Le chômage national remonte, mais c'est chez les jeunes que la situation se dégrade le plus
Les derniers chiffres de l'Insee révèlent une remontée du taux de chômage au deuxième trimestre : il gagne 0,2 point pour s'établir à 8,3 %, son plus haut niveau depuis l'automne 2020. Au total, ce sont 2,7 millions de personnes qui se déclarent en recherche active d'emploi. Dans ce tableau déjà préoccupant, une catégorie se distingue : les jeunes.
Le taux de chômage des 15-24 ans atteint 21,6 %, en hausse de 0,4 point en trois mois. Cela représente environ 740 000 jeunes concernés. Sur un an, l'augmentation est encore plus marquée pour cette tranche d'âge : +2,5 points, alors que la hausse pour l'ensemble des actifs est de +0,7 point.
"Je revais de grandes agences d'architecture, je n'ai plus du tout les mêmes ambitions maintenant. Il n'y a plus aucun critère"
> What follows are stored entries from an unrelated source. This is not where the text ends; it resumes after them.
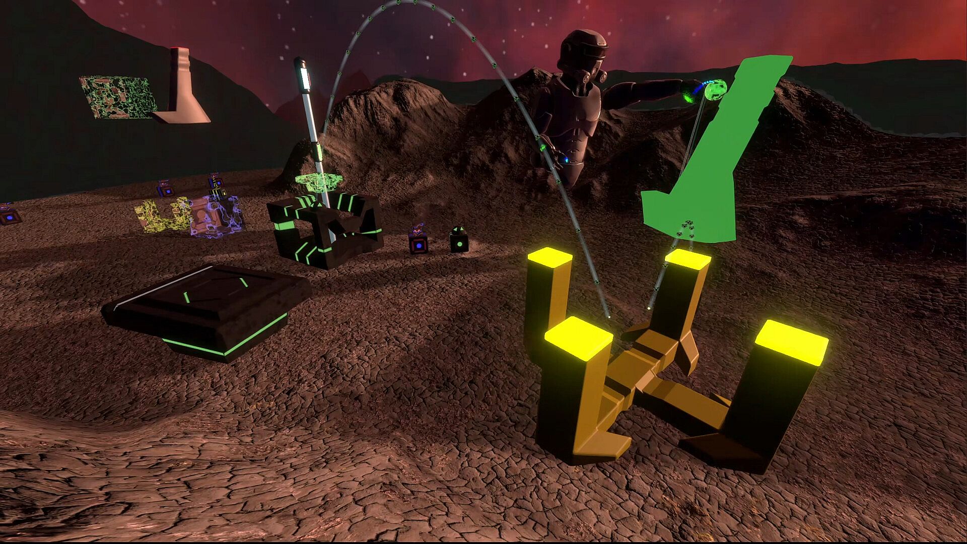 Your hands will be very powerful, but you can only use two of them. Making them the most valuable resource in your arsenal. Physically grab objects to interact with them. Throw your units to move them to the right area. Construct a unit by dragging its build icon onto the battlefield from a factory. You can also use your hands to scale, rotate and move yourself. In extreme cases you can also pickup light enemy units and move them out of range.
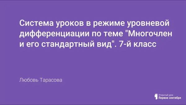 Система уроков в режиме уровневой дифференциации, состоящая из четырёх уроков: урок изучения нового материала по теме «Многочлен и его стандартный вид», урок изучения нового материала по теме «Сложение и вычитание многочленов», урок комплексного применения знаний по теме «Сложение и вычитание многочленов» и урок комплексного применения знаний по теме «Сложение и вычитание многочленов».
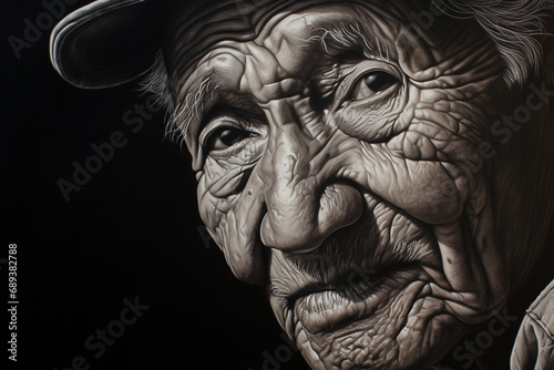 pencil sketch of an elderly man, deep-set eyes, detailed wrinkles, expressive gaze
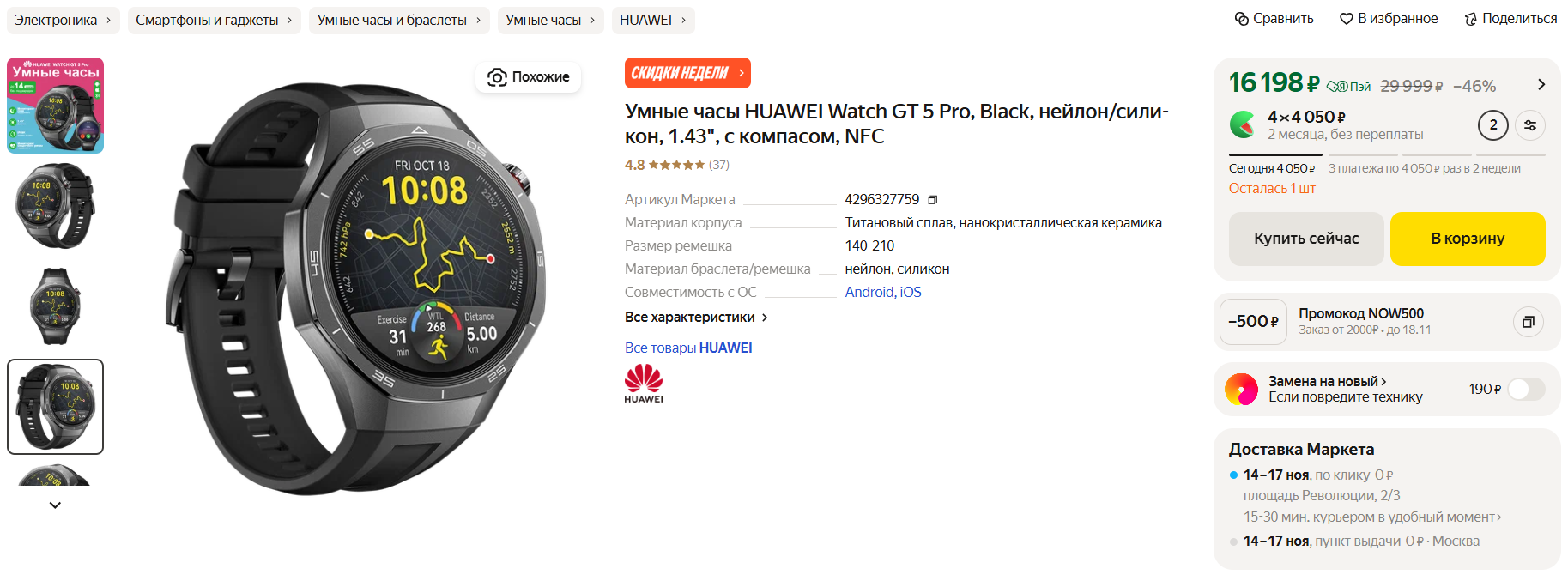 ⌚️Huawei Watch GT 5 Pro за 16 198 рублей при оплате картой «Пэй» на Маркете
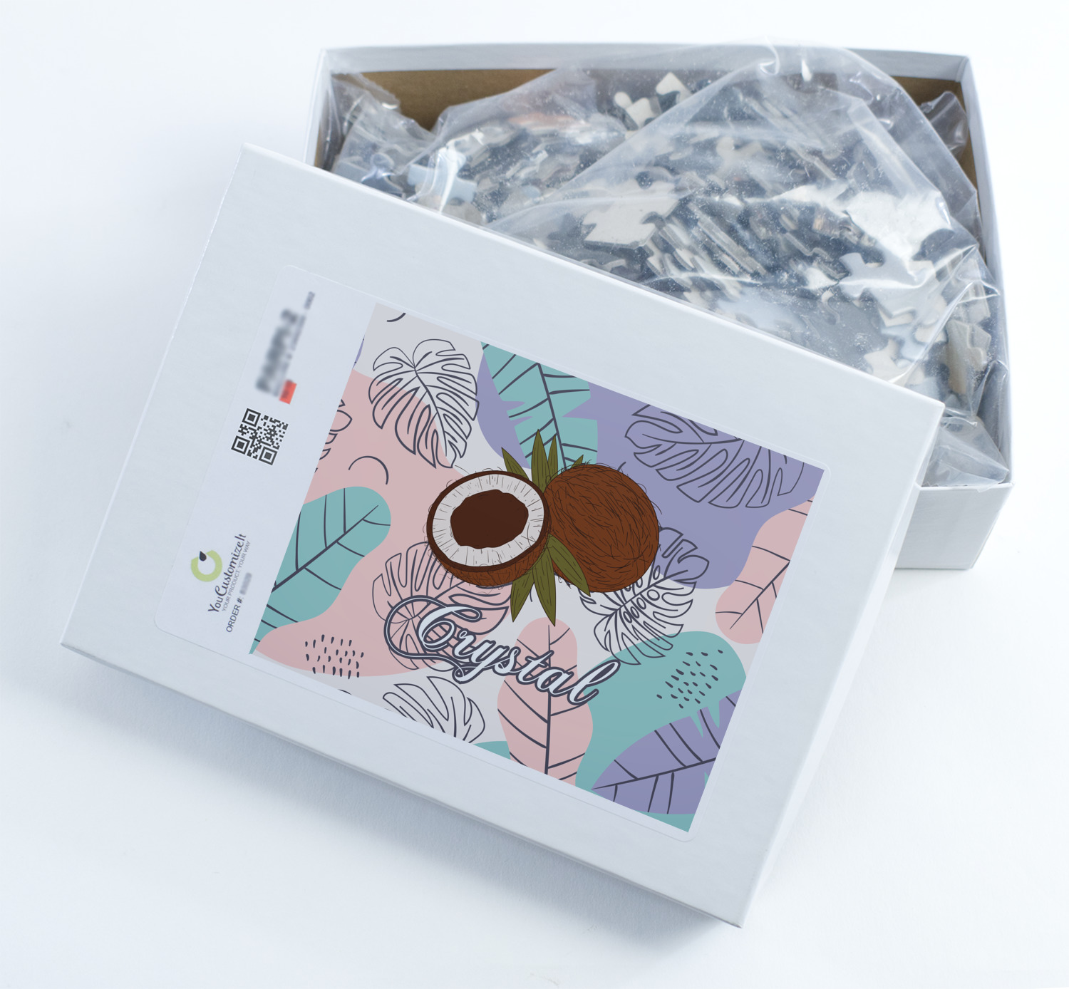 You can also upload your logo or art that you or your kids drew. To create more challenging jigsaw puzzles, you can create a pattern from with your logo or artwork. You can also add other elements such as text or personalization.
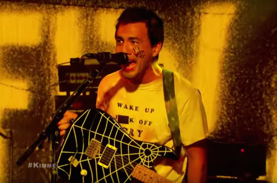 Los Angeles punk rockers FIDLAR, fresh off releasing their sophomore album Too, were the musical guests on last night's episode of Jimmy Kimmel Live, and I honestly don't know why more late-night talk shows don't book high-energy pop-punk bands like that. They're always fun! On last night's show, FIDLAR knocked out a fast, nervy take on "West Coast," one of the singles from the new album. Frontman Zac Carper hit the stage with "hi mom" written on his cheek and a piece of black electrical tape on his T-shirt. Apparently, some producer decided that you can't go on TV in a "wake up, jerk off, cry" shirt. Watch the performance below.
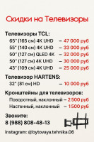 Скидки на Телевизоры! Телевизоры TCL: • 65” (165 см) 4K UHD — 47 000 руб • 55” (140 см) 4K UHD — 33 000 руб • 50” (127 см) QLED 4K — 32 000 руб • 50” (127 см) 4K UHD — 30 000 руб • 43” (109 см) 4K UHD — 25 000 руб Телевизор HARTENS: • 32” (81 см) HD — 10 000 руб Кронштейны для телевизоров: • Поворотный, наклонный — 2 500 руб • Настенный, наклонный — 1 500 руб Звоните: 8 (988) 808-48-13 Instagram: @bytovaya.tehnika.06
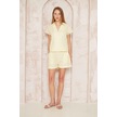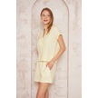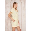Kadın Özel Kumaş Ceket Yaka Beli Lastikli Kısa Kol Gömlek Cepli Şort Takım 3625290 Sarı
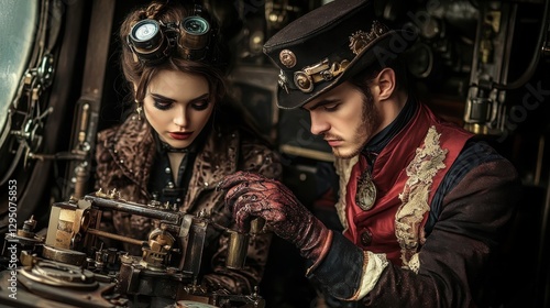 Fototapeta premium A steampunk styled couple working on complex machinery together closely

Des témoignages qui traduisent une réalité structurelle
Les témoignages recueillis confirment un phénomène déjà observé sur le marché du travail : la difficulté d'accès au premier emploi et l'exigence d'expérience des recruteurs. Julia, 22 ans, explique qu'elle a décroché son poste grâce à une connaissance et que, sans ce piston, cela aurait été difficile. À 24 ans, Charlotte, designer, cherche un emploi depuis un an et déplore les offres demandant « quatre ou cinq ans d'expérience » pour des postes jeunes diplômés. Ces récits reflètent une déconnexion entre les attentes des employeurs et la réalité des compétences d'entrée de carrière.
Qui d'autre est touché ?
Le chômage n'épargne pas les autres classes d'âge, mais l'impact reste inégal. Le taux des 25-49 ans s'établit à 7,5 %, tandis que celui des 50 ans et plus est à 5,5 %. Sur le trimestre, 62 000 personnes supplémentaires se sont ajoutées aux rangs des chercheurs d'emploi.
- 8,3 % : taux de chômage total (hausse de 0,2 point)
- 21,6 % : taux de chômage des 15-24 ans (hausse de 0,4 point sur trois mois, +2,5 points sur un an)
- 2,7 millions : personnes en recherche active d'emploi
| Tranche d'âge | Taux de chômage |
|---|---|
| 15-24 ans | 21,6 % |
| 25-49 ans | 7,5 % |
| 50 ans et plus | 5,5 % |
Conséquences pour les jeunes, les employeurs et les politiques
Pour les jeunes, ces chiffres traduisent un risque double : perte de revenus immédiate et consolidation d'un décrochage professionnel qui peut peser sur l'ensemble de la trajectoire. Les difficultés d'insertion peuvent aussi alimenter la précarité et repousser des projets professionnels ou de formation.
Pour les entreprises, la demande d'expérience peut refléter des besoins réels de productivité mais elle exclut une part importante de candidats potentiels. Les employeurs qui recrutent via des réseaux ou par piston renforcent un accès inégal aux emplois, comme l'illustrent les témoignages cités.
Au plan des politiques publiques, la remontée du chômage des jeunes pose la question des instruments d'entrée sur le marché du travail : alternance, apprentissage, formation professionnelle, dispositifs d'accompagnement vers l'emploi et liaison avec les employeurs. Sans ajustements, le risque est d'enfermer une génération dans une situation d'emploi fragile, avec des conséquences économiques et sociales durables.
Les chiffres de l'Insee de ce trimestre sont un rappel : derrière un taux global, ce sont surtout les jeunes qui voient s'éroder leurs chances d'accéder à un emploi stable. Les réponses attendues devront être ciblées, sous peine de laisser s'aggraver un phénomène d'exclusion professionnelle qui touche le cœur des trajectoires d'insertion.